The intention

Forty to sixty percent of people referred to a hospital outpatient clinic, appears to be somatically unexplained physical complaints (abbreviated MUS) to have. These people do not find appropriate treatment in the hospital and there is a broad consensus among experts that these people should preferably be guided in general practice. Attention should be paid to exploring both the physical and psychosocial aspects of the complaint, to then come up with a tailor-made treatment proposal. The problem, however, is that this approach takes more time than many GPs have available, with their ten minute consultations.

The approach

In the Sittard region, we looked for the solution in the GGZ practice nurse. Practice assistants are HBO-trained healthcare professionals who, under the supervision of the general practitioner, be able to perform diagnostics in a structured way and sometimes also offer treatment. A structured approach has already been used in the region; the Dialogue Model. Hereby were, together with the patient and from a biopsychosocial perspective, mapped out problems and looked at what the patient himself could contribute to the solution and where help was needed.
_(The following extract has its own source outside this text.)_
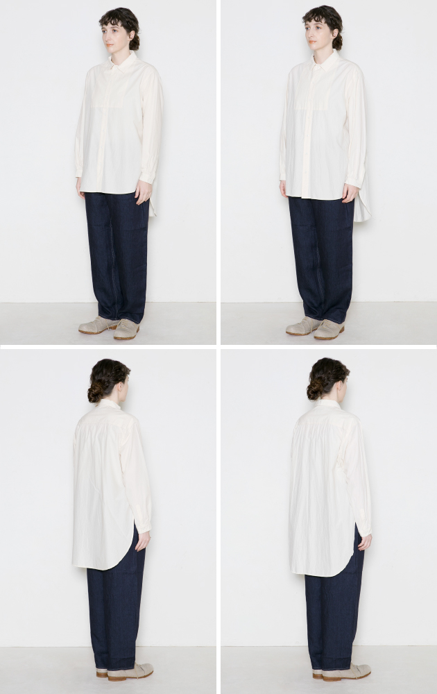 まるでツバメの尻尾のような“スワローテール”が特徴的なシャツ。こちらはオーガニックコットンとコットンヘンプの混紡糸を高密度に織り上げた生地を採用しています。サラっとしたシルキータッチな風合いで、ヒップまで隠れるデザインがスタイリングの幅を広げてくれます。サイズ2は1と比べると袖丈や着丈がやや長く、身幅も少しゆったり着用いただけるサイズ感になっています。

An expert team of general practitioners and practice nurses was formed to shape a regional care trajectory. That consisted of a) detection of MUS by the general practitioner and b) exploration by the practice nurse. If the situation is not clear yet, then the patient could go to both the internist and the psychologist for a one-off consultation, who would then come to an advice together.

The result

And then it went wrong: no patients came to the practice nurse, as a result of which the rest of the trajectory did not get off the ground. GPs found it difficult to tell their patients that they could not properly explain their complaints and that it was best to make an appointment with the practice nurse for further exploration of the complaints..

The lessons

This is a very good example of a complex process, which you may only learn from afterwards. Apparently there is a big difference between what GPs think they need beforehand to perform their work and how they will act afterwards..

The GP's task in the healthcare chain is to diagnose patients and to assess the seriousness of their complaints. For this reason, it may be easier for a GP to forward without a diagnosis to someone higher in the chain, like specialists. This always happens every day. Forward patients without a diagnosis and a clearly defined task to someone lower in the chain (HBO-trained healthcare professional) does not fit into this structure and is therefore much more difficult to implement.